Zoos have found a new way of making money.
Before you read this post, I want you to seriously consider the answer to this question: how much would you pay for a piece of artwork created by an animal? $25? $250? Would you want the original art, or would you be happy with a reproduction?
Zoos are asking themselves the same questions, because getting the answers right could mean bringing in much-needed extra money. As the Washington Post reports:
Usually the caretaker selects the colors, manipulates the paper so that the brushstrokes fill the page instead of smearing into muddiness, and decides when the piece is done. Occasionally, the publicity department even gets into the act, deciding what color schemes will sell best. Occasionally, the animal selects the colors, as does Toba the Orangutan at the Oklahoma City Zoo, and sometimes the animal refuses — despite entreaties — to add another stroke, as Congo [the chimpanzee] reportedly did. Yet despite this control, paintings by animals are always an ironic reminder of their captivity, because no animal paints in the wild.
Okay, I have to quibble with you there, WaPo. Yes, no animal paints in the wild, but that’s just because they don’t have paint and brushes and canvases. Animals in the wild do make art, in the sense that they use materials in decorative ways. They also sing and dance, and use natural items both as clothing and as makeup:
But back to the topic at hand. If you follow that WaPo link back, you can see a video of animals painting—or, in the case of the naked mole rats, running across a canvas with paint on their naked mole rat feet. (It’s adorbs.)

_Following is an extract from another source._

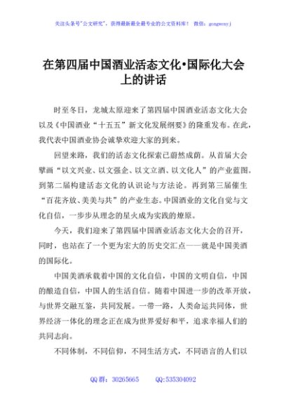 / 在第四届中国酒业活态文化 国际化大会上的讲话

So. How much would you pay for a naked mole rat painting? Or a painting by a (gotta make the pun) trained seal?
Paintings by cheetahs, penguins and other species at the St. Louis Zoo go for up to $100 each; Houston Zoo animal paintings command $250 each. But the revenue can be significant. Paintings by brush-wielding seals at the Virginia Aquarium, for example, generated $15,000 in less than two years from gift shop sales in 2007. For a nonprofit organization, every thousand dollars counts, and art by animals can be an important source of income.
I looked at a number of zoos to see if they were selling prints in addition to original artwork, but nearly every zoo I researched emphasized that it was selling original, one-of-a-kind pieces—and some of these pieces start as low as $20. This might be because animals, unlike some artists, can make multiple paintings every day, so the zoo always has a fresh set of stock.

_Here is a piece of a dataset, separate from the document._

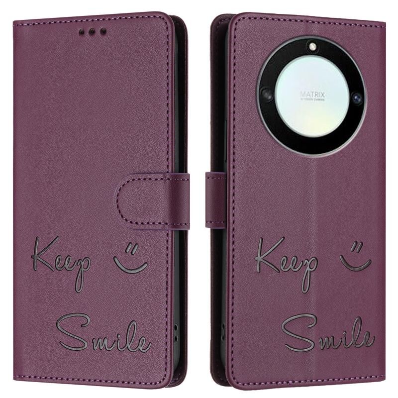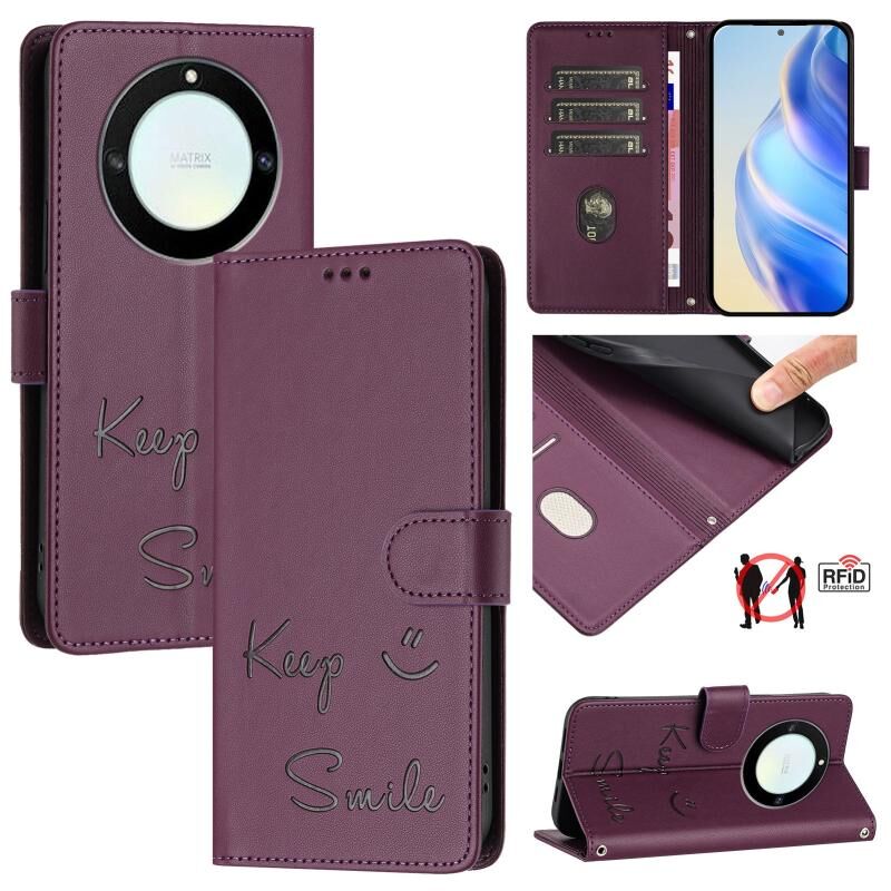 Θήκη τηλεφώνου από δέρμα με ανάγλυφο χαμόγελο RFID για Honor X40 5G/X9a 5G/Magic5 Lite (Μωβ)

Zoos also offer animal art packages for patrons who want a little extra; the Cincinnati Zoo lets you choose the paint colors the animal receives, and the Indianapolis Zoo lets you meet an animal and watch it paint something just for you.
Is there any downside to this? Animals get to play with paint, zoos make money, and people get to take home a unique work of art. Sure, the whole “it’s time to apply paint to your feet again, penguin, let’s churn out some masterpieces” aspect could be off-putting, but if the animals enjoy it… is it a win-win for everyone?